### Collected data
══════════
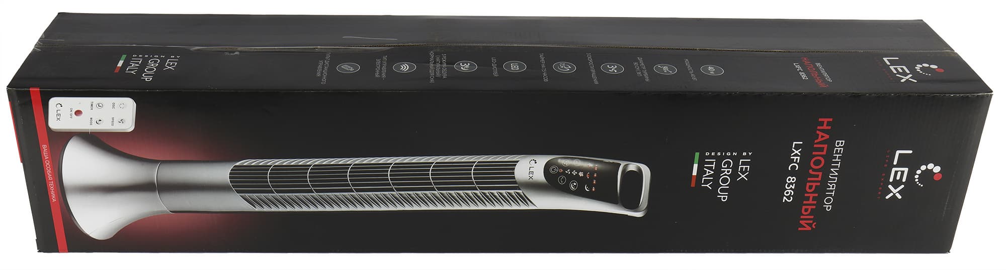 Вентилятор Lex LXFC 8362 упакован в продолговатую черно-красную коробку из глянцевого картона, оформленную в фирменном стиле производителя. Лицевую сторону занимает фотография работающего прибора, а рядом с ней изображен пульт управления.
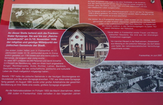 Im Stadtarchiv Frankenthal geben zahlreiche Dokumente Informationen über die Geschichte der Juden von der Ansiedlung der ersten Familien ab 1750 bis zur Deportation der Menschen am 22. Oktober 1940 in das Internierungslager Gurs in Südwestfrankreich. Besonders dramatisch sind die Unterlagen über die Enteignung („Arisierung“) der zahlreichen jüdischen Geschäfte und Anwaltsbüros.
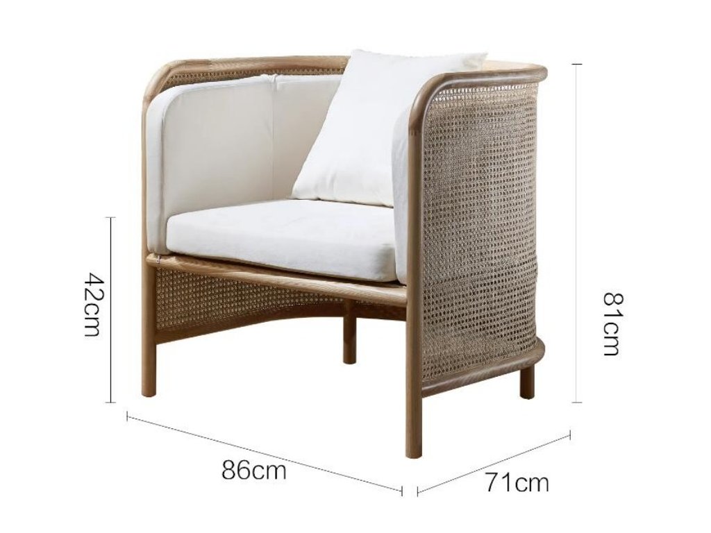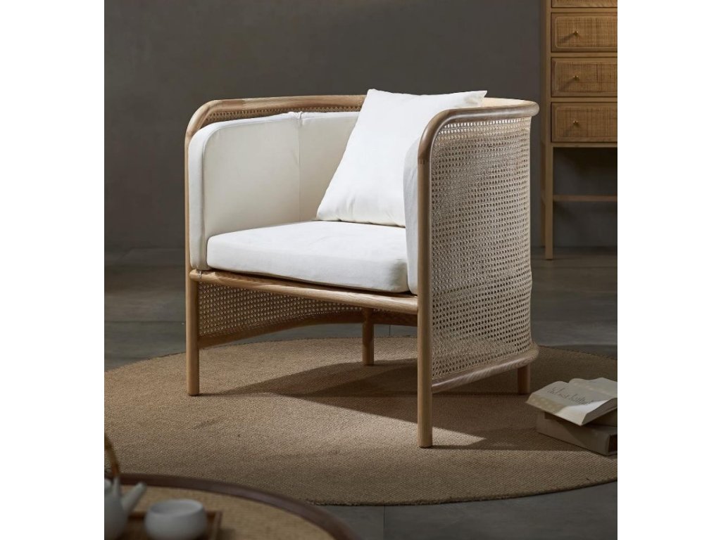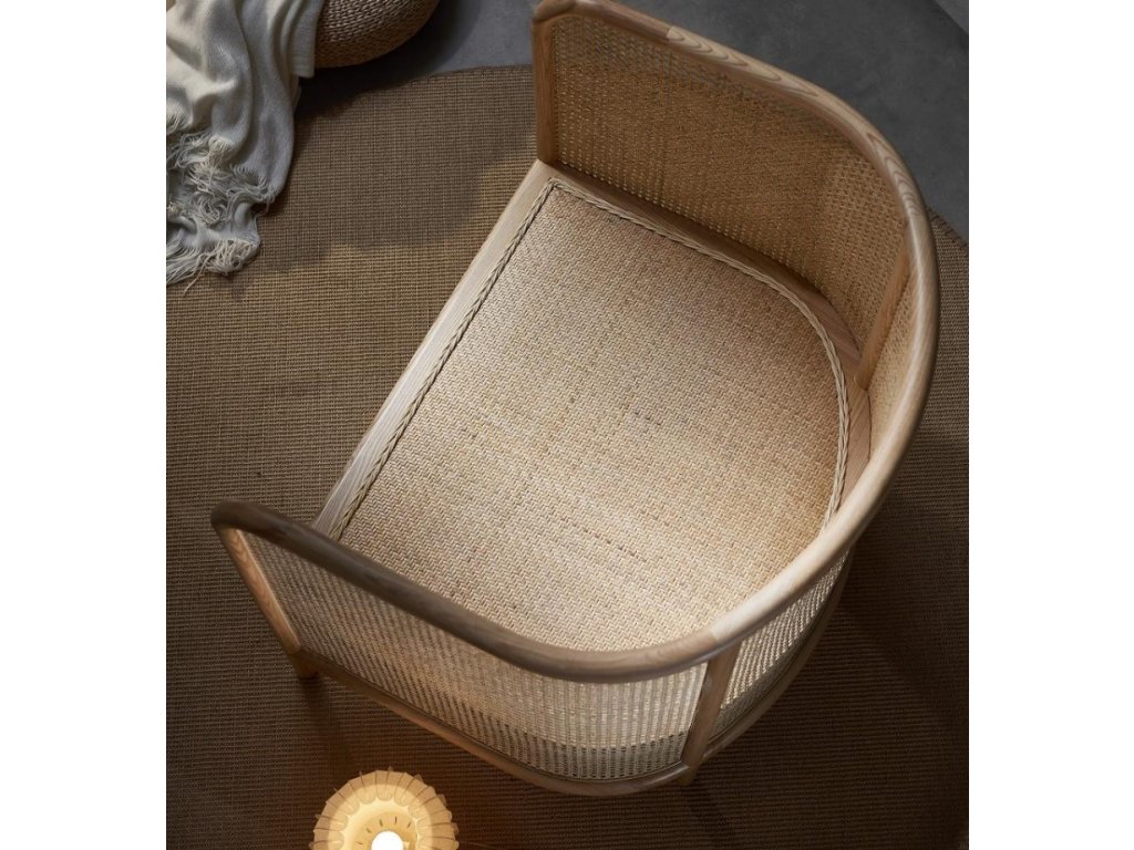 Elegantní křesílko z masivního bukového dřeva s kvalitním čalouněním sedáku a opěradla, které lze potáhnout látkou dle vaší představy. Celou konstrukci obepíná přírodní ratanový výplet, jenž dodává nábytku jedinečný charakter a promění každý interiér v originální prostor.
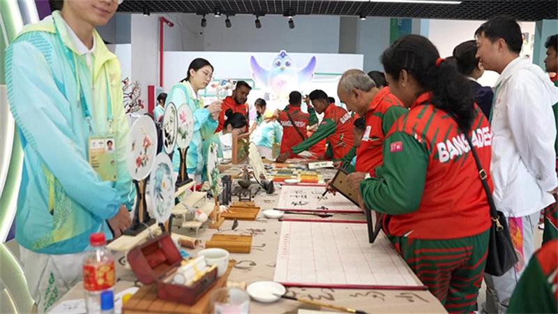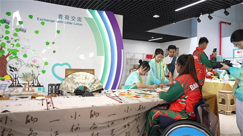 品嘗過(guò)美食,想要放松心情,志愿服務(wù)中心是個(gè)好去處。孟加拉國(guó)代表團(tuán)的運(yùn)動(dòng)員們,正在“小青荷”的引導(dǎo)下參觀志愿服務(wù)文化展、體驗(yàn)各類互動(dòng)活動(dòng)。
══════════
### The task
Exact copies of the lines from the one containing "Elegantní křesílko z" through the final line of the data are required; pictures are to be omitted.

### Exercise response
 Elegantní křesílko z masivního bukového dřeva s kvalitním čalouněním sedáku a opěradla, které lze potáhnout látkou dle vaší představy. Celou konstrukci obepíná přírodní ratanový výplet, jenž dodává nábytku jedinečný charakter a promění každý interiér v originální prostor.
 品嘗過(guò)美食,想要放松心情,志愿服務(wù)中心是個(gè)好去處。孟加拉國(guó)代表團(tuán)的運(yùn)動(dòng)員們,正在“小青荷”的引導(dǎo)下參觀志愿服務(wù)文化展、體驗(yàn)各類互動(dòng)活動(dòng)。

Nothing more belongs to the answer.